The decision was not unanimous, though. “The potential intrusion on informational privacy involved in a police search of a person‟s mobile phone, smartphone or handheld computer is unique among searches of an arrestee’s person and effects,” Justices Kathryn Mickle Werdegar and Carlos Moreno wrote in dissent.

They went on to argue that the court majority’s opinion would allow police “carte blanche, with no showing of exigency, to rummage at leisure through the wealth of personal and business information that can be carried on a mobile phone or handheld computer merely because the device was taken from an arrestee’s person.
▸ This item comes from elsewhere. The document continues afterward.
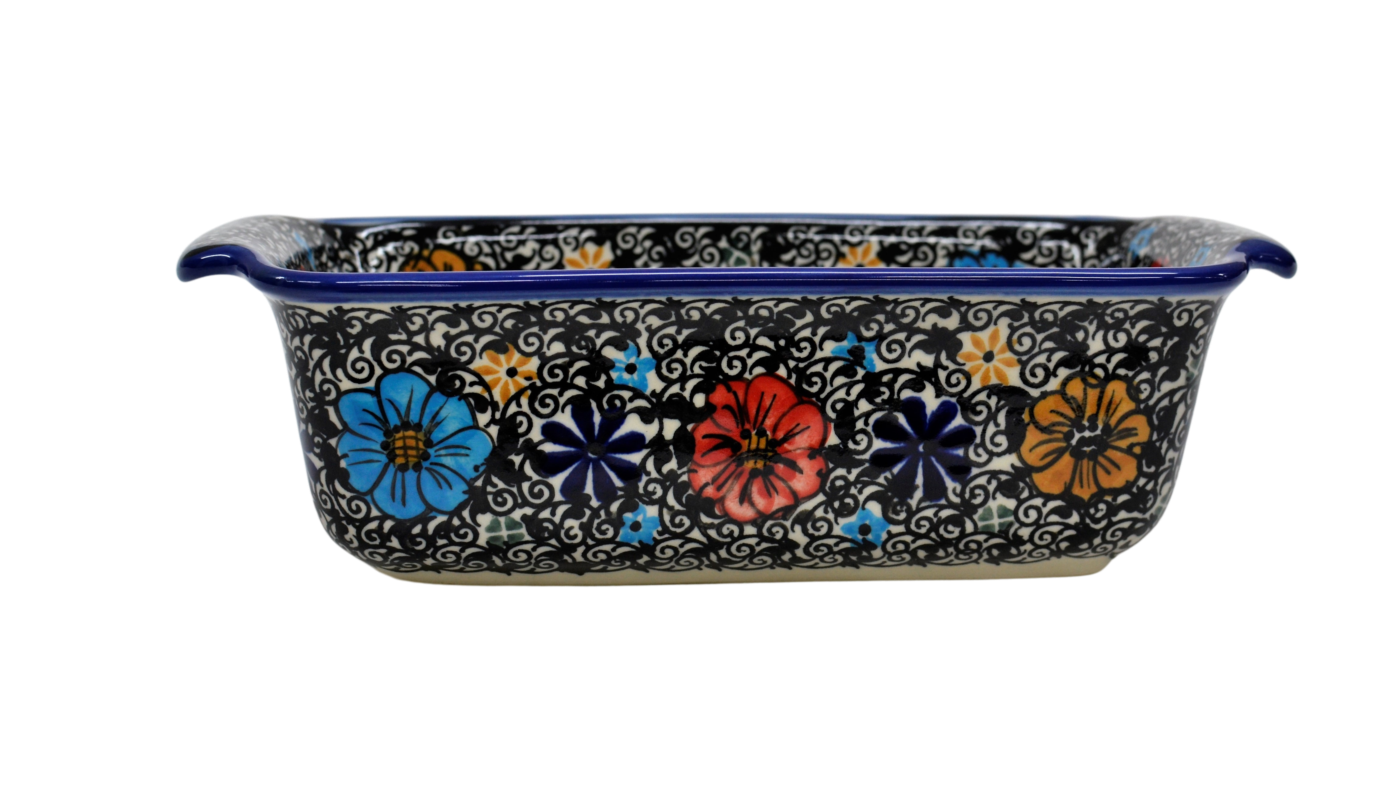 Forma ceramiczna do pieczenia chleba, zapiekania pasztetów jak i przygotowywania pysznych zapiekanek oraz wyrafinowanych dań warzywnych, będzie służyć w Twojej kuchni przez wiele lat. Barwne i oryginalne zdobienia podszkliwne stempelkowe i piękne motywy kwiatowe, nadadzą charakteru serwowanym posiłkom.

The majority thus sanctions a highly intrusive and unjustified type of search, one meeting neither the warrant requirement nor the reasonableness requirement of the Fourth Amendment to the United States Constitution.”

I wonder if the police can force you to unlock your password-protected phone, or if that order would constitute the unreasonable part of the search? 

Also, I’m surprised to not hear any argument about the data not actually existing on your person, the same way a piece of hair or a paint chip would.  Sure, the cell phone’s physical case travels in your pocket, but identifying exactly where the incriminating data resides is a bit more tricky.  A text message certainly is stored on the phone itself, but what about emails?  They’re downloaded to the phone, but would most accurately be described as living in the cloud – because they can be accessed from numerous different portals. 

And this is no small point.  Whereas a piece of hair from a murder victim or a fingerpriont does pretty much conclusively show your physical presence at the location, given we can only exist in one place, data does not.  The text message could have been sent from any number of devices, and consumed from afar, even by people other than the defendant.  It seems an extraordinarily shirtsighted decision to treat ephemeral data as if it had a physical presence – and to therefore applies to same rules of physics to it.